Она говорила таким голосом, словно на своих плечах несла страдания всего мира. Глупышка. Как она только могла подумать, что родители разводятся из-за какой-то её ошибки? Это не её вина.
– Они сказали, что не хотят причинять мне боль своими скандалами, – она шмыгнула носом. – Но я не хочу, чтоб они из-за меня расходились.

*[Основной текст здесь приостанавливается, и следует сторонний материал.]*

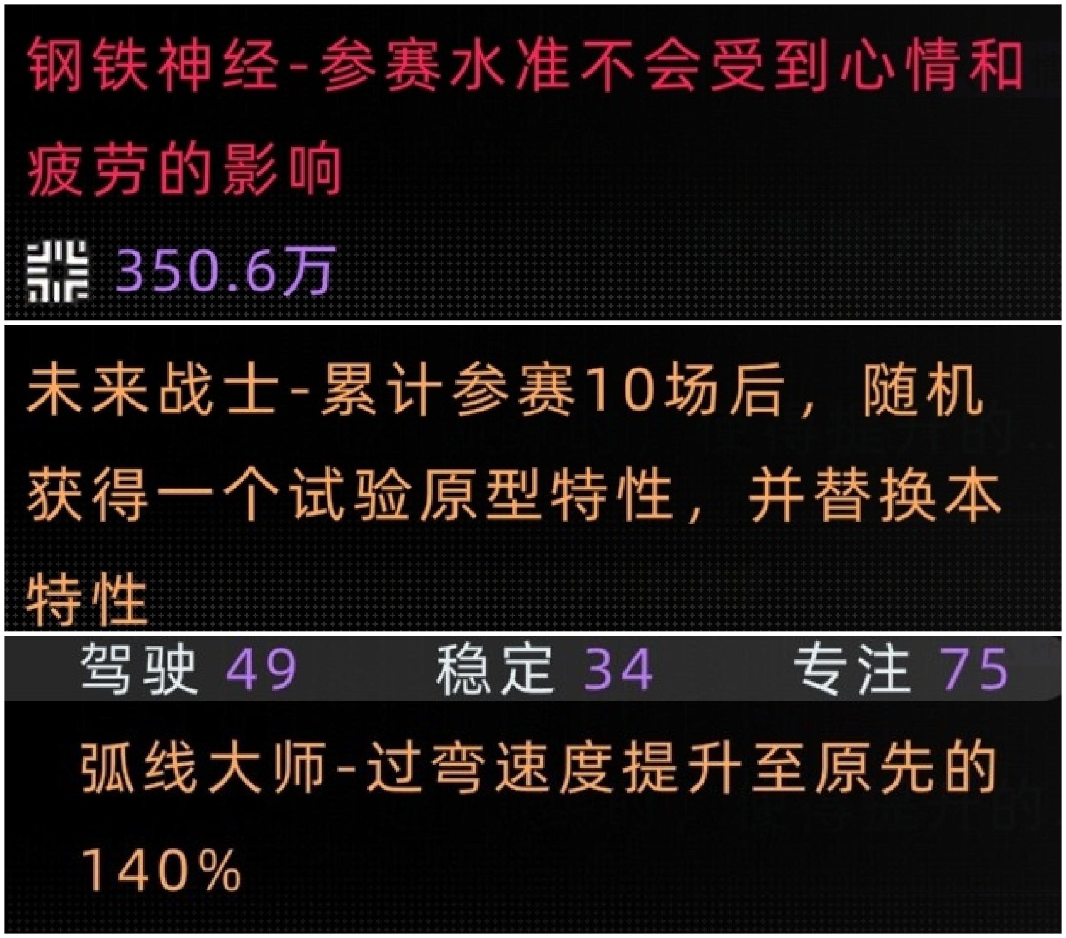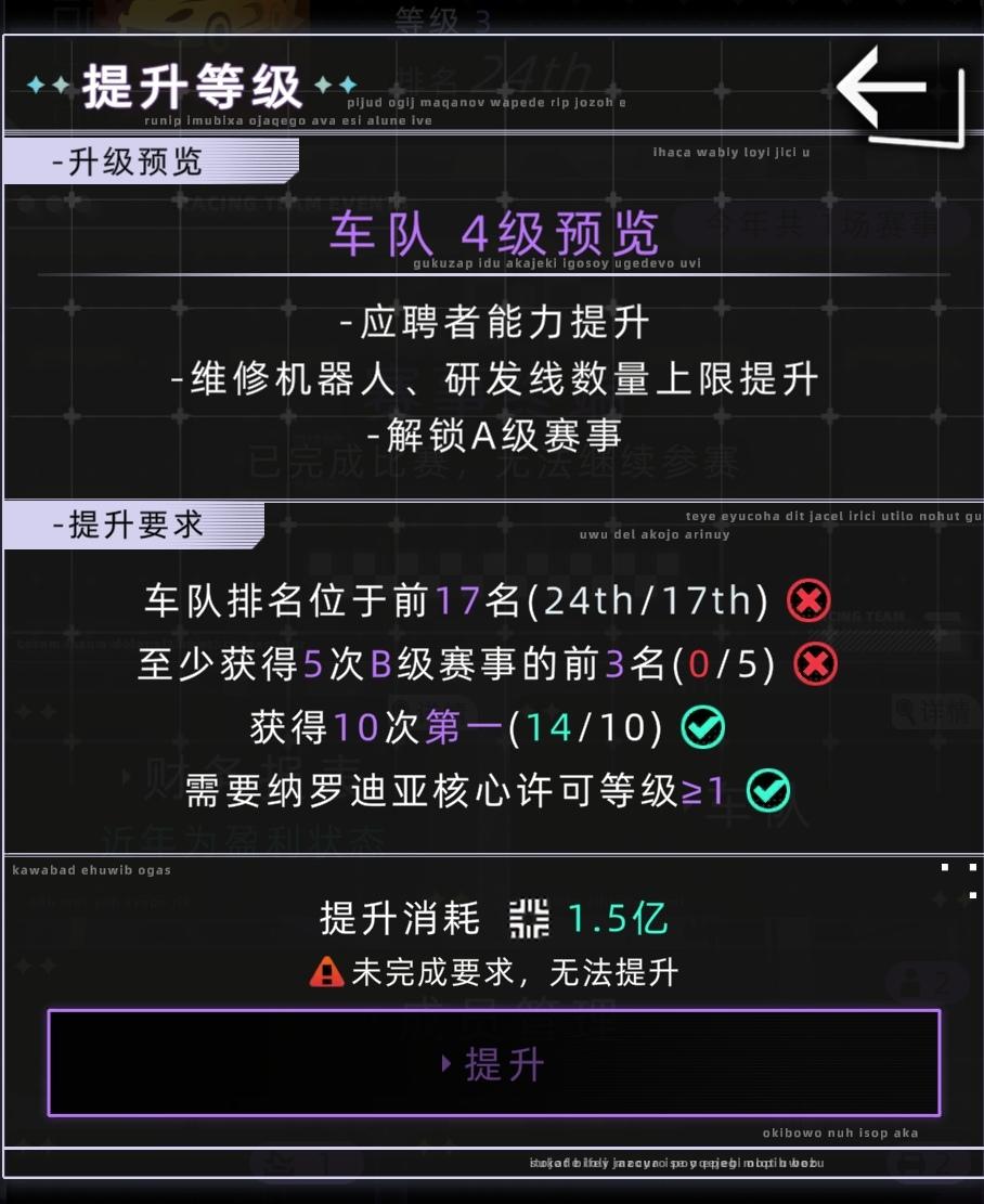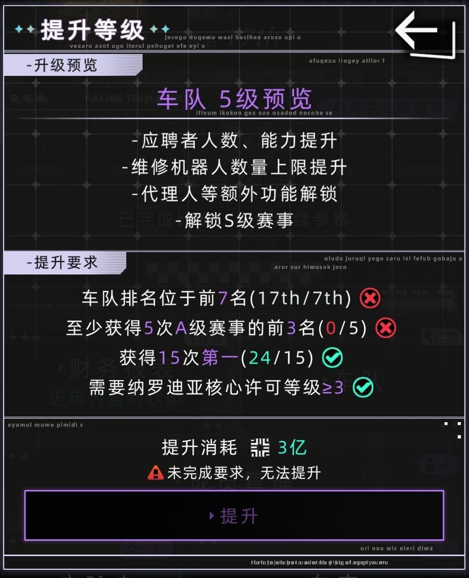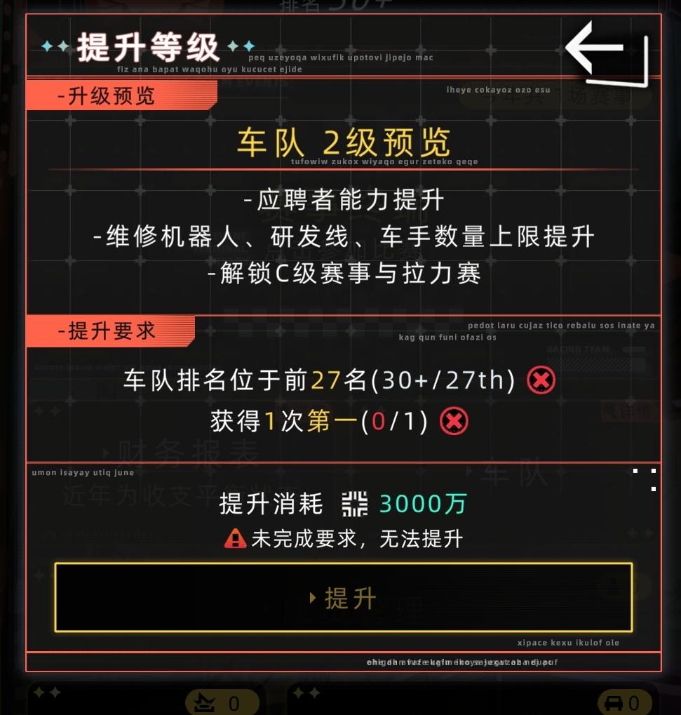 目前我唯一的永生角色瑶,进不了车队,所以车队是一个需要长久培育新的车手和技术总监的玩法,新出的男车手npc也进不了车队,简而言之所有特殊角色被车队排斥在外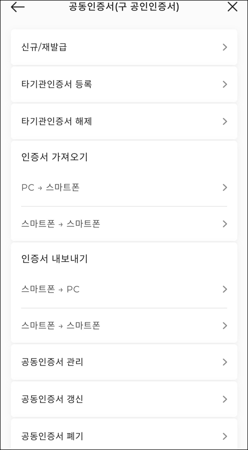 공동인증서 메뉴를 선택해서 들어가 봅니다.

Поток слов Сью иссяк, и остались только тихие рыдания, а я продолжал обнимать её. Мои босые ноги замёрзли на пороге, но меня это не волновало. Единственное, что сейчас имело значение, – это быть для неё скалой, на которую она могла опереться. Мне нравилось, как она держалась за меня, и мне нравилось, что она позволила мне утешать её. Несмотря на причину, по которой она была здесь, я хотел, чтобы она никогда больше не ускользала от меня.
Постояв какое-то время в молчаливых объятиях на пороге, я отступил назад, но не отпустил её полностью, а всё также поддерживал, но только на небольшом расстоянии от себя, и убрал несколько прядей волос с её лица. Намокнув от слез, они стали липкими, как паучьи лапки, поэтому это оказалось непростой задачей.
– Сладкая, конечно же, ты не разводила родителей. – Большим пальцем я поймал бежавшую по её щеке слезу и смахнул её. – Им нужно разобраться в своем дерьме, но в этом нет твоей вины.
Сью посмотрела на меня так, словно снова хотела оказаться в моих объятиях, и я бы не стал её останавливать. Тем не менее она сдержалась, а её зеленые глаза заволоклись туманом, как озеро в лунном свете.
По улице проехал автомобиль. Это была мисс Блумингтон с далматинцем Сесилем на пассажирском сиденье, который высунул голову из окна, из-за чего его уродливый розовый язык развевался на ветру. Мы достаточно долго стояли на пороге, чтобы соседи уже начали шпионить за нами. Сью была очень расстроена, и я знал, что могло помочь ей почувствовать себя лучше. Я осторожно взял её за руку, опасаясь, что как только потяну её внутрь, она оттолкнёт меня. Но, слава богу, она этого не сделала и позволила мне затащить её вовнутрь.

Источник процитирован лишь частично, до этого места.